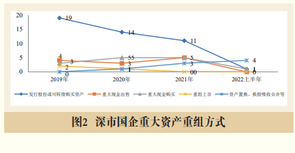 三是重組推動(dòng)產(chǎn)業(yè)整合,持續(xù)增強(qiáng)國企實(shí)力。發(fā)行股份購買資產(chǎn)仍為深市國企實(shí)現(xiàn)集團(tuán)優(yōu)質(zhì)資產(chǎn)整體上市的主要方式(見圖2)。2019-2022年上半年,近六成深市國企以發(fā)行股份購買資產(chǎn)的方式實(shí)現(xiàn)重大資產(chǎn)重組。一方面,部分國企集團(tuán)通過重組實(shí)現(xiàn)旗下產(chǎn)業(yè)板塊整體上市,提高集團(tuán)整體資本化率。例如,大冶特鋼(000708.SZ)發(fā)行股份購買國內(nèi)特鋼行業(yè)龍頭(興澄特鋼)86.5%的股權(quán),實(shí)現(xiàn)中信集團(tuán)特鋼板塊整體上市,并更名為中信特鋼,成為A股市場(chǎng)規(guī)模最大的專業(yè)化特鋼上市公司;天山股份(000877.SZ)整合中國建材(3323.HK)旗下水泥資產(chǎn)后,其資產(chǎn)和產(chǎn)能規(guī)模躍升至行業(yè)首位。另一方面,部分企業(yè)通過強(qiáng)強(qiáng)聯(lián)合提升核心競(jìng)爭(zhēng)力。例如,中化集團(tuán)與中國化工通過重組成為資產(chǎn)過萬億元、員工超20萬人的“產(chǎn)業(yè)巨輪”;鞍鋼集團(tuán)與本鋼集團(tuán)重組后,粗鋼產(chǎn)能達(dá)6300萬噸,營業(yè)收入達(dá)到3000億元,位居國內(nèi)第二、世界第三。
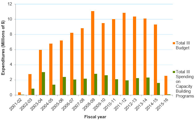From 2010 to 2016, III spent an average of 16% of its budget annually on capacity building, including investments in catalyst/pilot programs, training grants and award, and development grants (see Footnote 18 and 28% of indirect traineesFootnote 19 were funded under the III mandate (see Appendix 3).
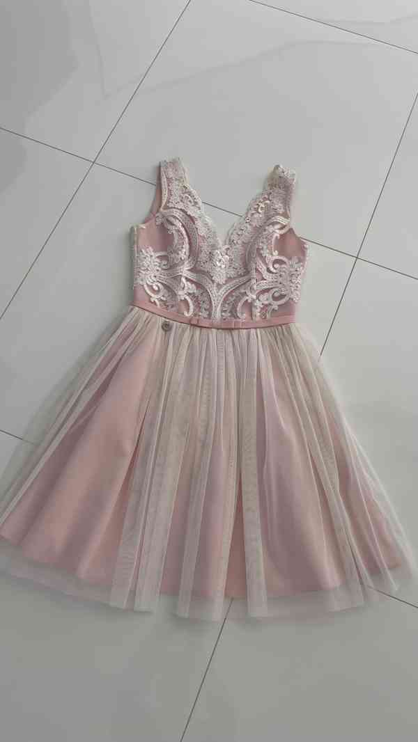 Nabízím dámské, dívčí společenské šaty, vel:36, použité pouze 2x v tanečních. Šaty bez poškození, jako nové. Vhodné na divadelní večery, taneční, svatby, maturitní ples atd. Původní cena 2500kč, nyní 500kč.
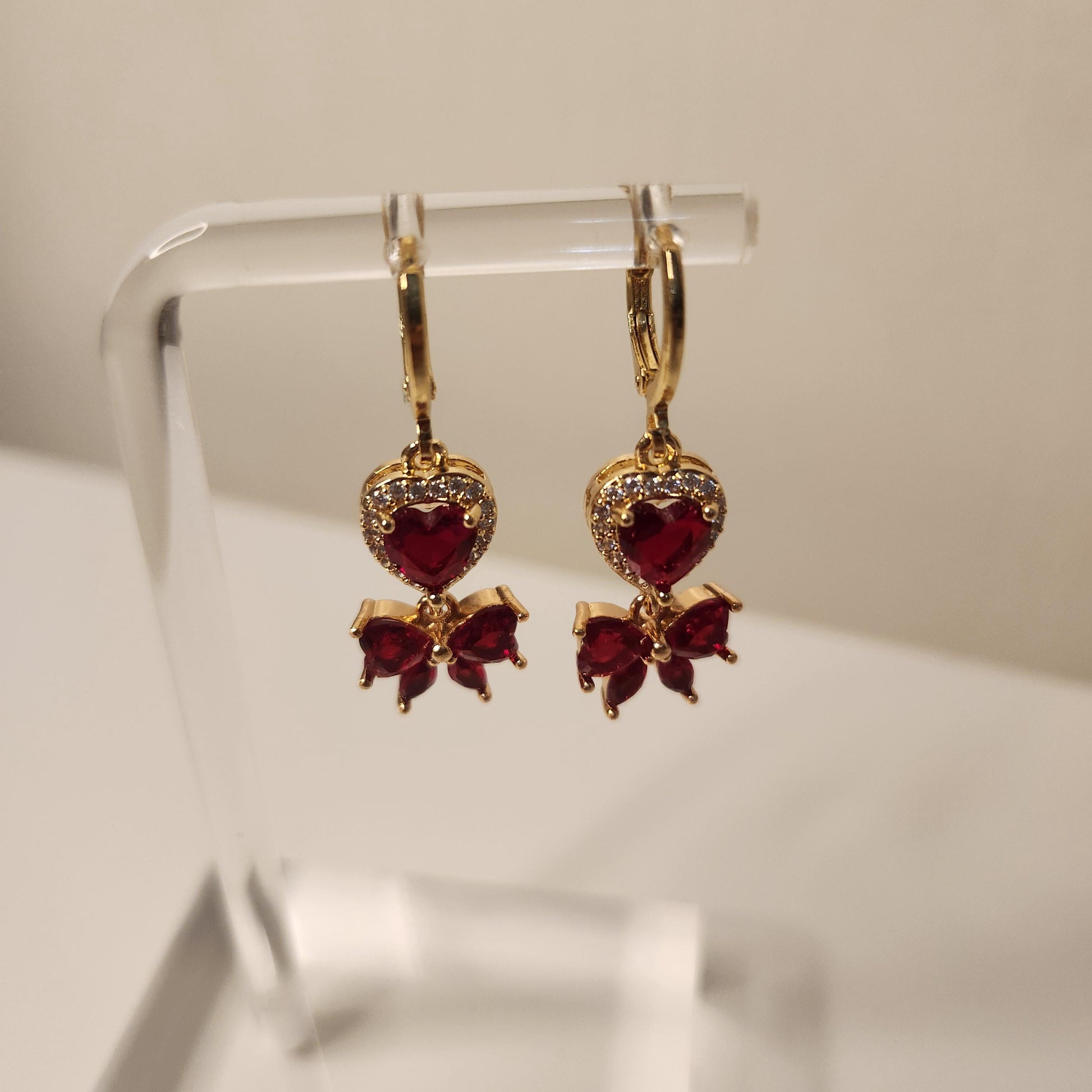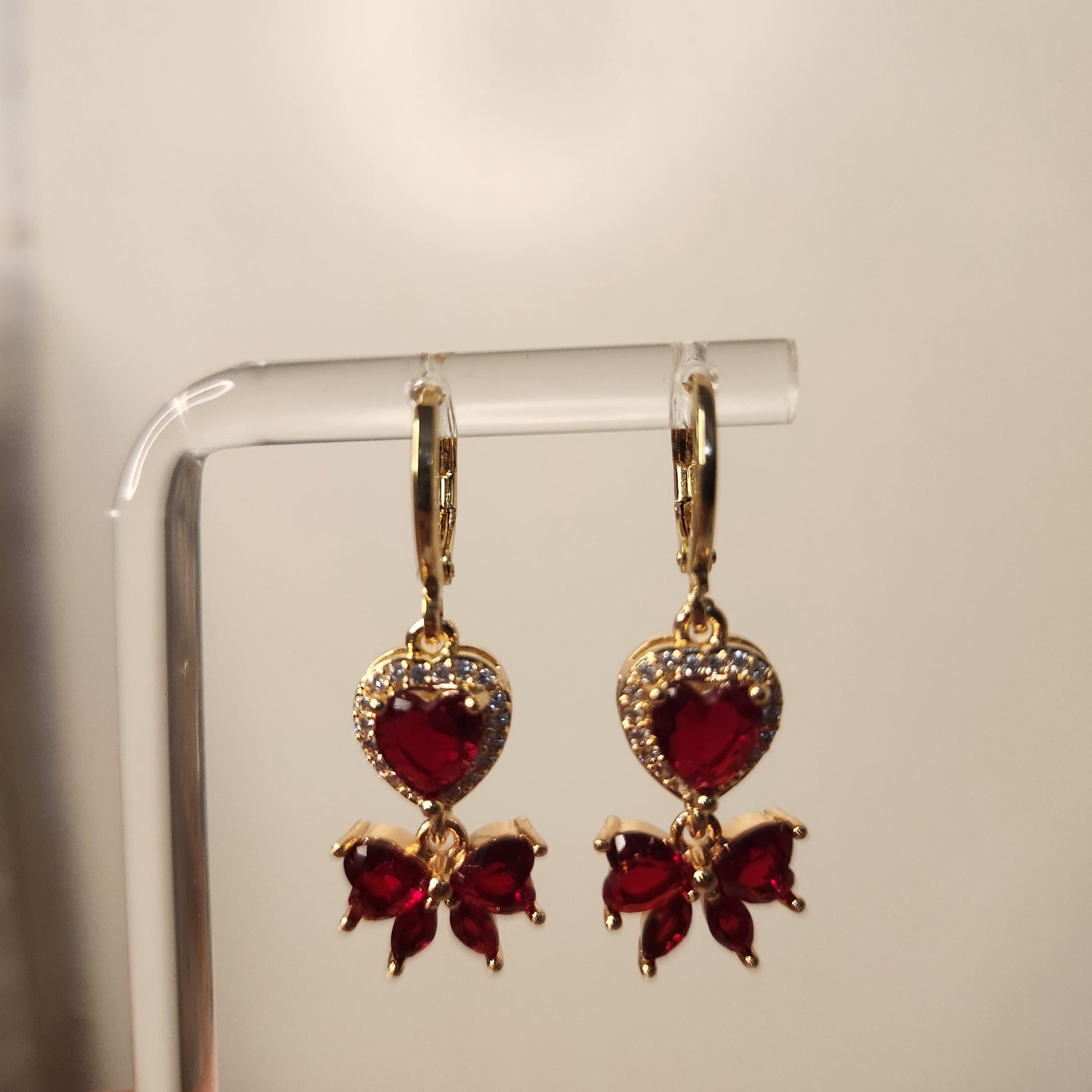 HANDMADE red heart and bow earrings with 14k gold plated huggie hoops

Problem description — Extract, word for word, each line from the one that contains "From 2010 to" through the final line of the data above. Leave the pictures out.

Your solution —
From 2010 to 2016, III spent an average of 16% of its budget annually on capacity building, including investments in catalyst/pilot programs, training grants and award, and development grants (see Footnote 18 and 28% of indirect traineesFootnote 19 were funded under the III mandate (see Appendix 3).
 Nabízím dámské, dívčí společenské šaty, vel:36, použité pouze 2x v tanečních. Šaty bez poškození, jako nové. Vhodné na divadelní večery, taneční, svatby, maturitní ples atd. Původní cena 2500kč, nyní 500kč.
 HANDMADE red heart and bow earrings with 14k gold plated huggie hoops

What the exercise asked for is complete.